**Work to complete**: Please restate all of the records word for word, setting the pictures aside.

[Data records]
-*-
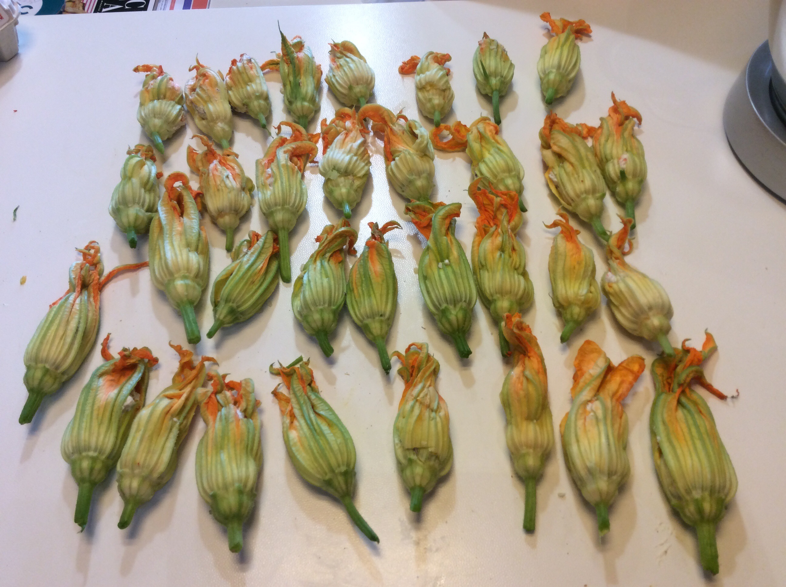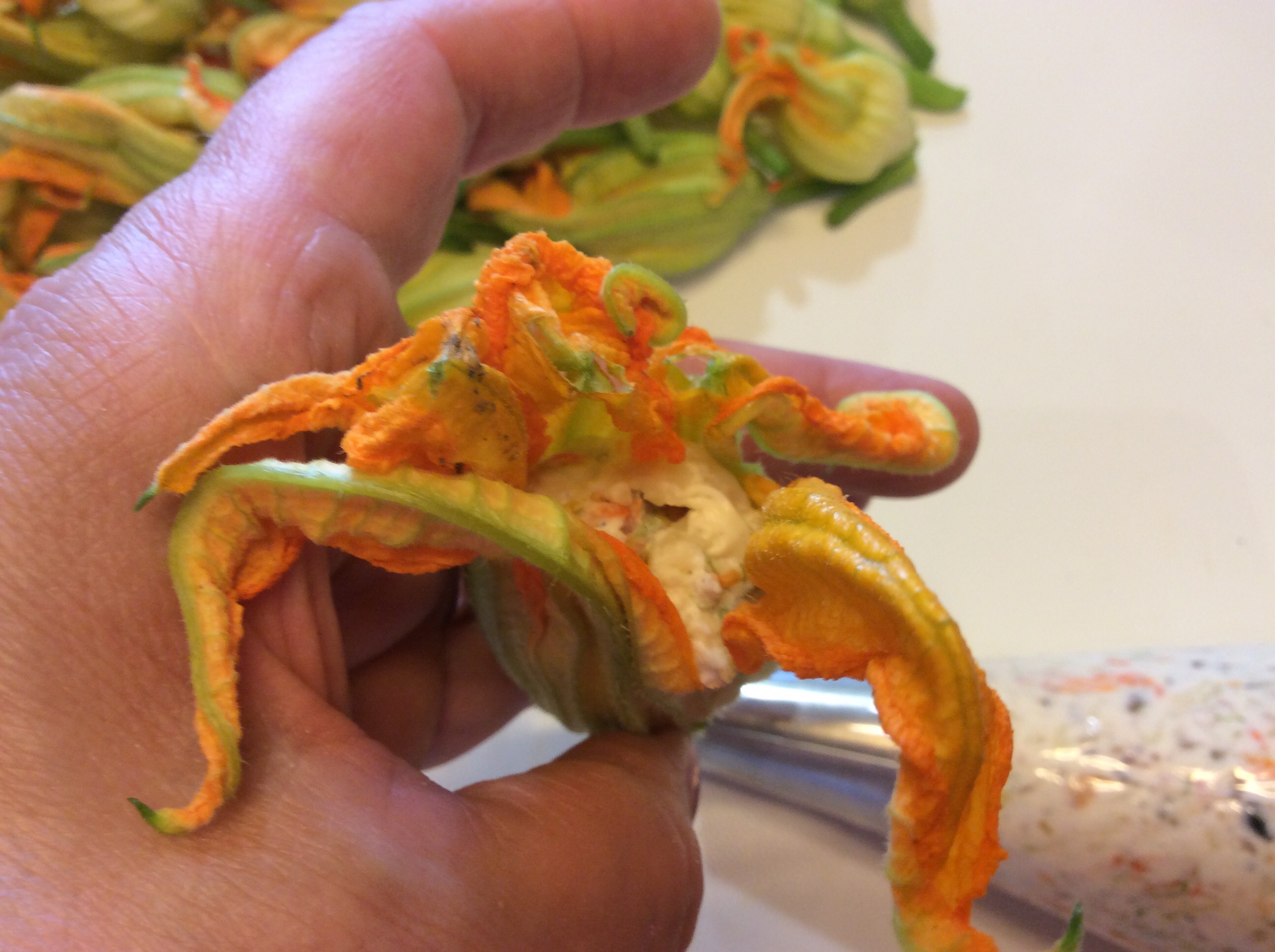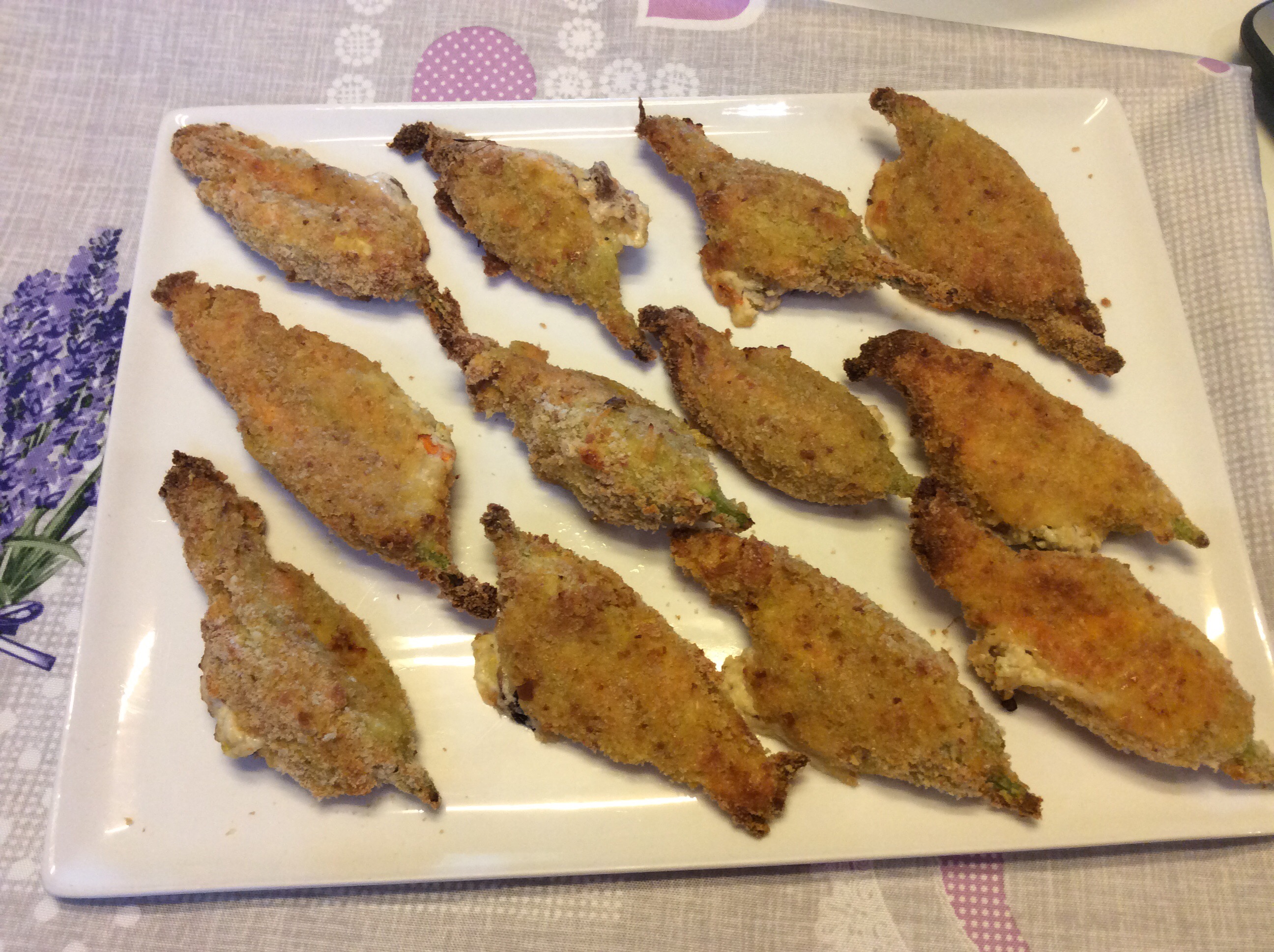 Mi hanno regalato degli splendidi e delicatissimi fiori di zucchine, bisognerebbe raccoglierli e prepararli subito perchè si deteriorano velocemente, questa ricetta è molto gustosa anche se i fiori non sono fritti restano comunque croccanti e buonissimi
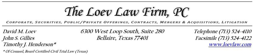 OPINION OF THE LOEV LAW FIRM, PC
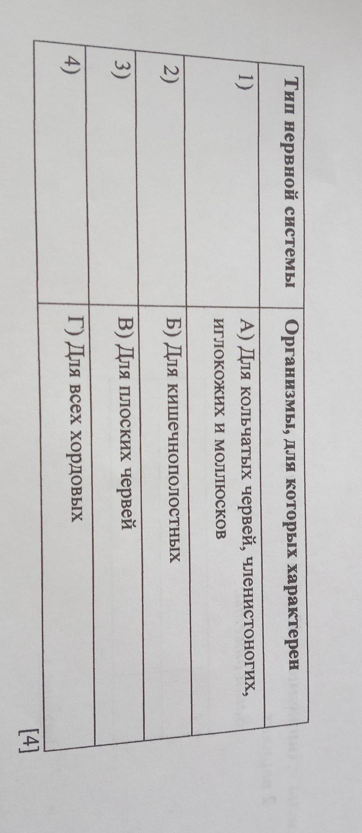 Тип нервной системы Организмы, для которых характерен 1) А) Для кольчатых червей, членистоногих, иглокожих и моллюсков 2) Б) Для кишечнополостных 3) В) Для плоских червей 4) Г) Для всех хордовых
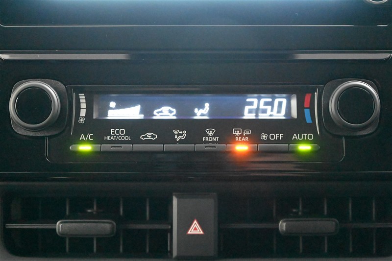 オートエアコン(ミラーヒーター付)です。 設定温度に合わせて吹き出し口と風量を自動で調整します。
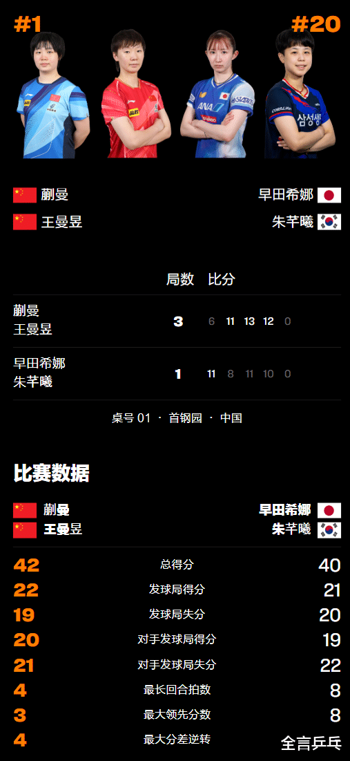 比赛开始后王曼昱/蒯曼开局不利,上来就不断陷入被动,很快就1-9落后被拉开8分差距,随后奋起反击追回4分,但很快又陷入被动5-10被早田希娜/朱芊曦拿到5个局点,最终以6-11败北无缘拔得头筹,显然没有进入状态。
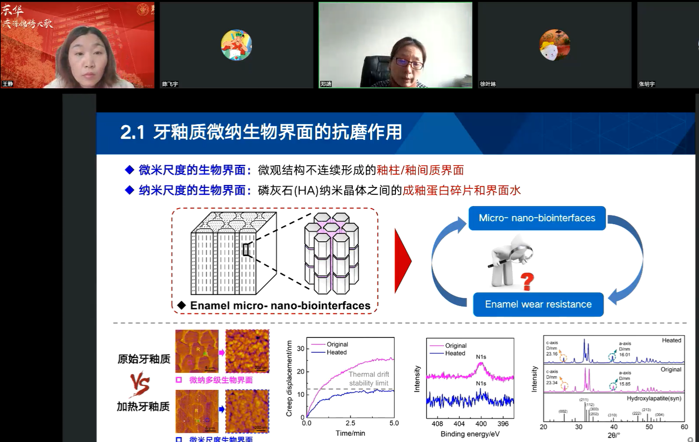 郑靖研究员首先介绍天然牙釉质微纳组织的跨尺度多级结构:最小尺度是纳米级的羟基磷灰石的晶体颗粒,并层层组装成微米尺度的釉柱,不同取向的釉柱排列形成了2-3毫米厚度的牙釉质,可以服役终生。根据天然牙的摩擦磨损机制,郑靖研究员团队设计了仿生的陶瓷基牙科复合材料、仿生定向多孔陶瓷框架增强的PTFE自动化复合材料以及树脂基牙科复合材料。此外,受海洋动物帽贝齿舌非连续表面结构破岩机制的启迪,设计制备了一种三角开槽刀圈,有效提高了硬岩掘进机滚刀的硬岩破碎能力。
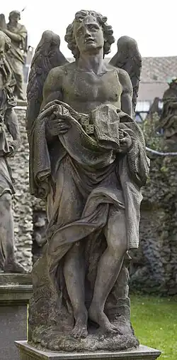Many of de Cock's commissions were for church furniture and decoration as well as tomb monuments. He made in 1713 Caryatids for the choir stalls of the former priory of Corsendonk in Oud-Turnhout, today partially displayed in the collegiate St. Peter's Church in Turnhout.[28] They are the most striking example of the classicist streak in de Cock's work. He was able to incorporate his medallions and caryatids into the back panel in a soberly harmonious manner, so that the balance between architecture and sculpture was restored. Some of the elegant figures in the choir stall are executed in the late Baroque style, others in a restrained classical manner.[29] De Cock was one of the artists who worked on the creation of a group of statues referred to as the Calvary on the outside of the St. Paul's Church in Antwerp. Its overall design dates from 1697. In 1734 construction of the Calvary was completed but further statues were added up to 1747. It is built as a courtyard and leans on one side against the south aisle of the church and the Chapel of the Holy Sacrament. The structure includes 63 life-size statues and nine reliefs executed in a popular and theatrical style. The statues are arranged into four groups: the angel path, which ascends to the Holy Sepulcher, the garden of the prophets on the left, the garden of the evangelists on the right and the Calvary itself, which consists of an elevated artificial rock, divided into three terraces, on which statues are placed with Christ on the cross at the top.[30] Most statues are of white stone with some made of wood. Some statues are dated or signed. The principal sculptors were de Cock, Michiel van der Voort the Elder and Alexander van Papenhoven with some statues by the hand of Jan Pieter van Baurscheit de Elder, Willem Kerricx and his son Willem Ignatius Kerricx and anonymous collaborators. De Cock also sculpted a number of the statues, 12 of which are signed and 5 of which are attributions. These include various angels carrying symbols of Christ's Passion, various biblical figures as well as a penitent Maria Magdalen.[31][32]
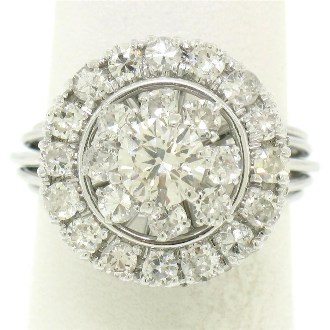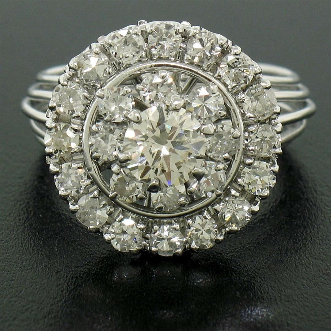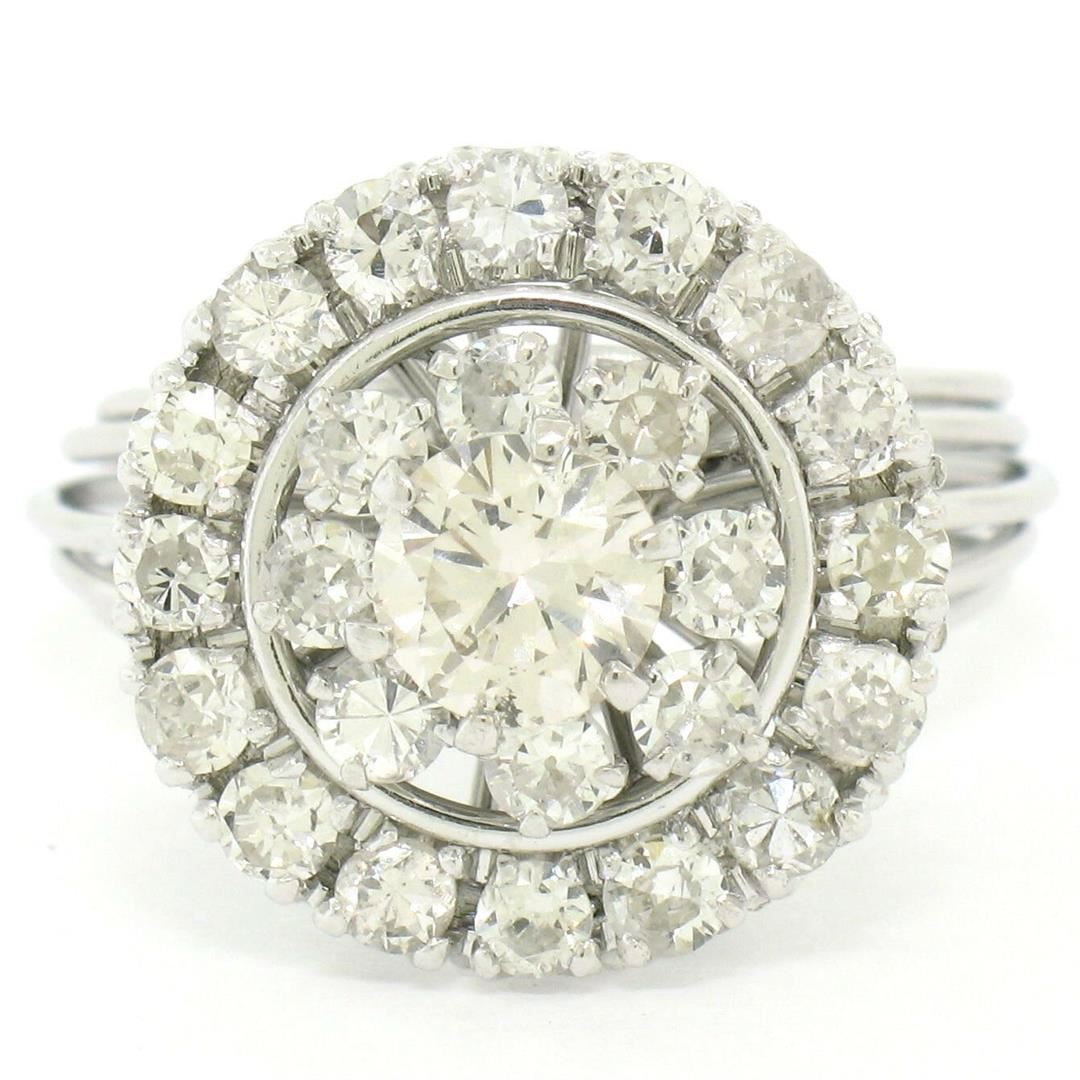 One Hand Made Vintage 18K Gold 1.90 ctw Round BRILLIANT Diamond Cluster Cocktail Ring. Item Details: Material: 18K Solid White Gold, Weight: 7.43 Grams, Stone(s): (1) Natural Genuine Diamond - Round Brilliant Cut - Prong Set - Light Champagne Color - VS2 Clarity - 5.70mm, 0.70 ct (approx.), (24) Natural Genuine Diamonds - Older Round Cut - Prong Set - G to I Color - VS1/SI2 Clarity - 1.20 ctw (approx.), Total Carat Weight: 1.90 (approx.), Ring Size: 6.5 , Ring Width: 16.07mm, Ring Height: 11.27mm rise off the finger Condition: Vintage, hand made ring. Excellent condition!
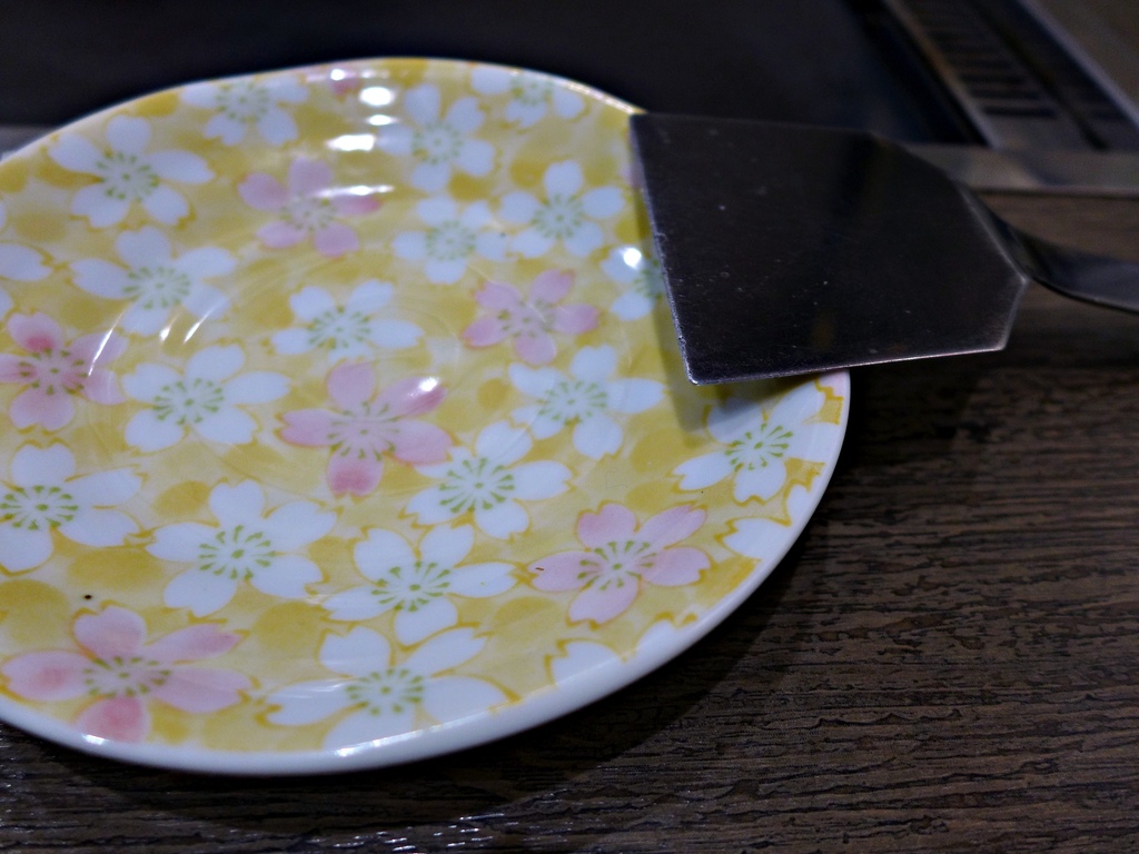 桌上每個人都有一份餐具,有小盤子和一隻小鐵鏟,鏟起來後再用筷子吃。
-*-
**Output for this task**:
 Mi hanno regalato degli splendidi e delicatissimi fiori di zucchine, bisognerebbe raccoglierli e prepararli subito perchè si deteriorano velocemente, questa ricetta è molto gustosa anche se i fiori non sono fritti restano comunque croccanti e buonissimi
 OPINION OF THE LOEV LAW FIRM, PC
 Тип нервной системы Организмы, для которых характерен 1) А) Для кольчатых червей, членистоногих, иглокожих и моллюсков 2) Б) Для кишечнополостных 3) В) Для плоских червей 4) Г) Для всех хордовых
 オートエアコン(ミラーヒーター付)です。 設定温度に合わせて吹き出し口と風量を自動で調整します。
 比赛开始后王曼昱/蒯曼开局不利,上来就不断陷入被动,很快就1-9落后被拉开8分差距,随后奋起反击追回4分,但很快又陷入被动5-10被早田希娜/朱芊曦拿到5个局点,最终以6-11败北无缘拔得头筹,显然没有进入状态。
 郑靖研究员首先介绍天然牙釉质微纳组织的跨尺度多级结构:最小尺度是纳米级的羟基磷灰石的晶体颗粒,并层层组装成微米尺度的釉柱,不同取向的釉柱排列形成了2-3毫米厚度的牙釉质,可以服役终生。根据天然牙的摩擦磨损机制,郑靖研究员团队设计了仿生的陶瓷基牙科复合材料、仿生定向多孔陶瓷框架增强的PTFE自动化复合材料以及树脂基牙科复合材料。此外,受海洋动物帽贝齿舌非连续表面结构破岩机制的启迪,设计制备了一种三角开槽刀圈,有效提高了硬岩掘进机滚刀的硬岩破碎能力。
Many of de Cock's commissions were for church furniture and decoration as well as tomb monuments. He made in 1713 Caryatids for the choir stalls of the former priory of Corsendonk in Oud-Turnhout, today partially displayed in the collegiate St. Peter's Church in Turnhout.[28] They are the most striking example of the classicist streak in de Cock's work. He was able to incorporate his medallions and caryatids into the back panel in a soberly harmonious manner, so that the balance between architecture and sculpture was restored. Some of the elegant figures in the choir stall are executed in the late Baroque style, others in a restrained classical manner.[29] De Cock was one of the artists who worked on the creation of a group of statues referred to as the Calvary on the outside of the St. Paul's Church in Antwerp. Its overall design dates from 1697. In 1734 construction of the Calvary was completed but further statues were added up to 1747. It is built as a courtyard and leans on one side against the south aisle of the church and the Chapel of the Holy Sacrament. The structure includes 63 life-size statues and nine reliefs executed in a popular and theatrical style. The statues are arranged into four groups: the angel path, which ascends to the Holy Sepulcher, the garden of the prophets on the left, the garden of the evangelists on the right and the Calvary itself, which consists of an elevated artificial rock, divided into three terraces, on which statues are placed with Christ on the cross at the top.[30] Most statues are of white stone with some made of wood. Some statues are dated or signed. The principal sculptors were de Cock, Michiel van der Voort the Elder and Alexander van Papenhoven with some statues by the hand of Jan Pieter van Baurscheit de Elder, Willem Kerricx and his son Willem Ignatius Kerricx and anonymous collaborators. De Cock also sculpted a number of the statues, 12 of which are signed and 5 of which are attributions. These include various angels carrying symbols of Christ's Passion, various biblical figures as well as a penitent Maria Magdalen.[31][32]
 One Hand Made Vintage 18K Gold 1.90 ctw Round BRILLIANT Diamond Cluster Cocktail Ring. Item Details: Material: 18K Solid White Gold, Weight: 7.43 Grams, Stone(s): (1) Natural Genuine Diamond - Round Brilliant Cut - Prong Set - Light Champagne Color - VS2 Clarity - 5.70mm, 0.70 ct (approx.), (24) Natural Genuine Diamonds - Older Round Cut - Prong Set - G to I Color - VS1/SI2 Clarity - 1.20 ctw (approx.), Total Carat Weight: 1.90 (approx.), Ring Size: 6.5 , Ring Width: 16.07mm, Ring Height: 11.27mm rise off the finger Condition: Vintage, hand made ring. Excellent condition!
 桌上每個人都有一份餐具,有小盤子和一隻小鐵鏟,鏟起來後再用筷子吃。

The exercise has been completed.